Depois de uma entrada fascinante nos Picos de Europa pelo Pico Gilbo, seguimos para a Cantábria em busca de mais experiências fabulosas. Para o primeiro dia estava destinado este percurso, porventura um dos mais famosos. Agora, entre o sossego de grandes recordações, achamos que a dificuldade em descrever as nossas vivências por lá são tão grandes e belas e como aquelas montanhas. Persiste a sensação de que tudo o que se possa dizer pareça pouco. Ainda assim, aqui ficam estas palavras, à espera e com a esperança que o tempo as possa apurar.
A Ruta del Cares é um percurso linear com cerca de 12 km, entre as localidades de Poncebos e Cain, aberto literalmente nas encostas e escarpas rochosas do rio Cares. O percurso foi criado para acompanhar a construção de um canal de água de aproveitamento hidroelétrico. Antes de mais importa agradecer às pessoas que ali trabalharam e criaram uma grande obra de engenharia. Sendo um percurso linear, e como a viagem por estrada é grande, a distância total da caminhada passa então para os 24 km. Com cerca de 700 metros de desnível, o trilho apresenta uma subida mais acentuada no início, mas depois vai-se tornando plano. Pelo terreno irregular e pela distância é importante selecionar um bom calçado. Como o percurso é bastante concorrido e os lugares de estacionamento não são muitos, ir um pouco mais cedo pode fazer a diferença entre começar próximo do início ou acrescentar mais alguns quilómetros à contagem.
Ao chegarmos ao estacionamento, em Poncebos, e depois de nos certificámos que tínhamos tudo o que precisaríamos para a viagem, carregados de expetativas, fizemo-nos ao caminho. À nossa volta, os picos erguiam-se, senhores de toda a vida que por ali passa. Percebe-se porque os cristãos tenham encontrado aqui o seu último refúgio de liberdade na antiga Hispânia contra o avanço muçulmano. Vencida a subida inicial chegamos ao grande anfiteatro do Cares que se estendia a montante. As encostas tornaram-se ainda maiores e escarpadas e no horizonte montanhoso era percetível o trilho escarpado. Mais à frente, o percurso fura pelas paredes verticais, acompanhando o canal e o rio.
Um pouco antes de chegarmos a Cain decidimos apimentar a aventura e descemos ao rio com o intuito de subirmos ao planalto na outra margem. Durante a descida vislumbrámos, lá em baixo, a pequena ponte sobre um azul intenso, que corria desfiladeiro abaixo, capaz de fazer inveja ao céu. Facilmente percebemos por onde deveríamos descer para ter acesso ao rio e seguimos pelo trilho, que desce a encosta em ziguezagues constantes.
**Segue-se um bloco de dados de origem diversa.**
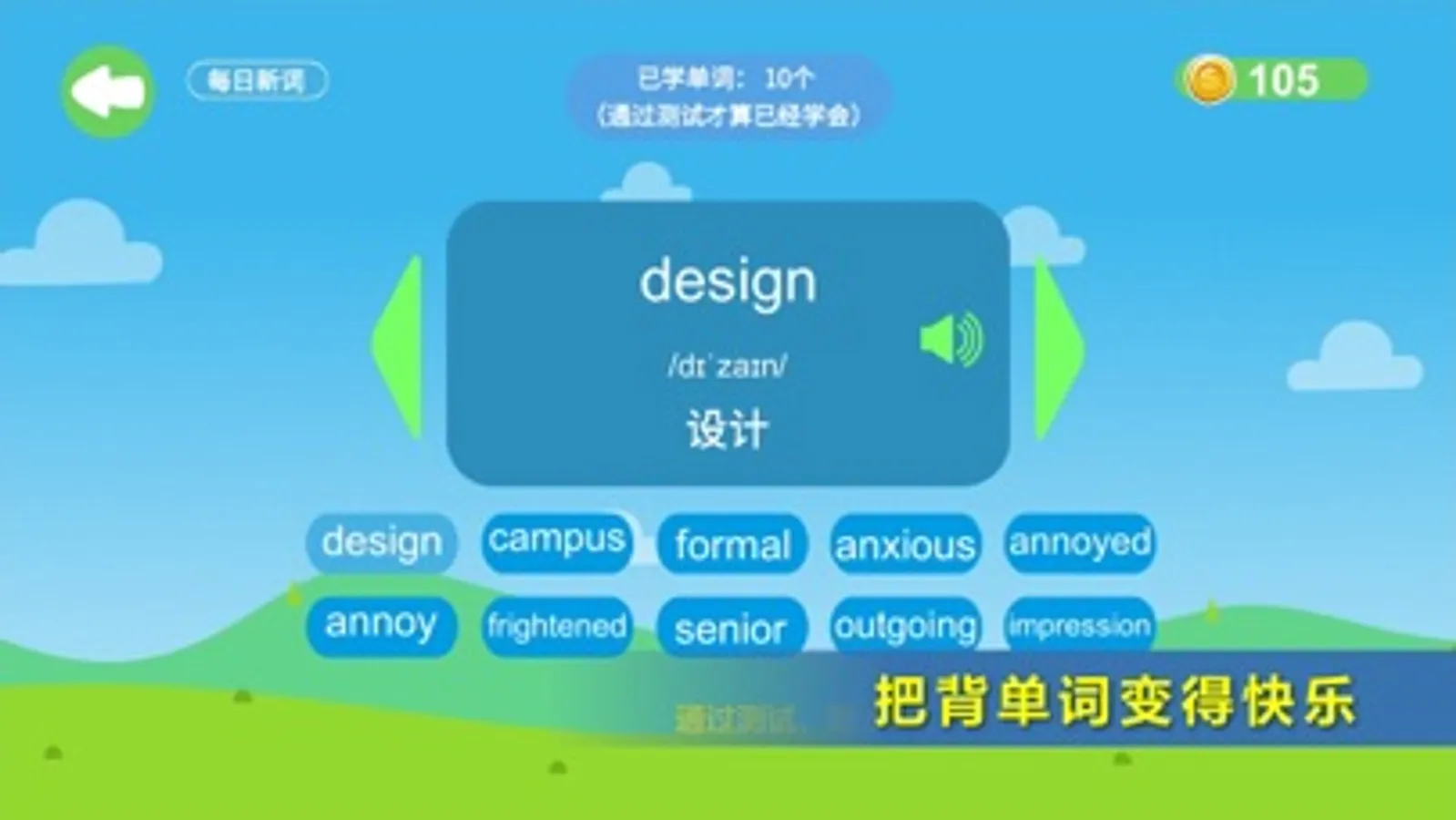 学英语,背单词很重要也很枯燥。即便可以通过大量阅读认识许多词汇,也更多是停留在认识的层面,很难听说读写全面掌握。因此,我们通过游戏来帮助您背单词,让您在开心的游戏中,不知不觉就完成了这个原本枯燥的过程。

Sabíamos de antemão que a água estaria fria, mas não esperávamos que fosse a mais gelada.
Iniciámos de seguida a subida Cares Xtrem até ao prado altivo da outra margem. E se a descer todos os santos ajudam, a subida fez jus ao nome da experiência. A ascensão foi realizada em ziguezagues constantes de uma verticalidade respeitável. A dado momento fomos por um atalho que nos dificultou ainda mais a subida, junto à parede da fraga. Ao chegarmos ao prado tivemos uma enorme sensação de pequenez. É impressionante a quanto estas montanhas nos reduzem! Descemos depois até aos escombros de uma cabana, onde completámos a descoberta. Ali, entre dois burros que pastavam, alheios a tudo, fizemos o registo da nossa passagem pelo local. Não será fácil encontrar outra paisagem tão grandiosa para escrever alguns rabiscos, por certo insignificantes quando comparados com o cenário.
Na descida descortinámos o trilho que deveríamos ter seguido na subida e o cruzamento do engano. Criámos por lá uma mariola, para que outros não tenham o mesmo imprevisto. Passámos pela ponte em ritmo acelerado e, depois da subida da encosta na outra margem, reencontrámos a Ruta del Cares. Retomámos a rota e passámos pelos sucessivos túneis e pontes até chegarmos à repesa de Cain, que marcou o meio da nossa aventura. Ao chegarmos, fomos de imediato até à ponte mais acima e passámos para a outra margem, onde aproveitámos para descansar e almoçar. Fomos depois revisitar a repesa e, depois de um café, encetámos a viagem de regresso, revivendo as paisagens maravilhosas de um dos percursos mais majestosos que se pode fazer.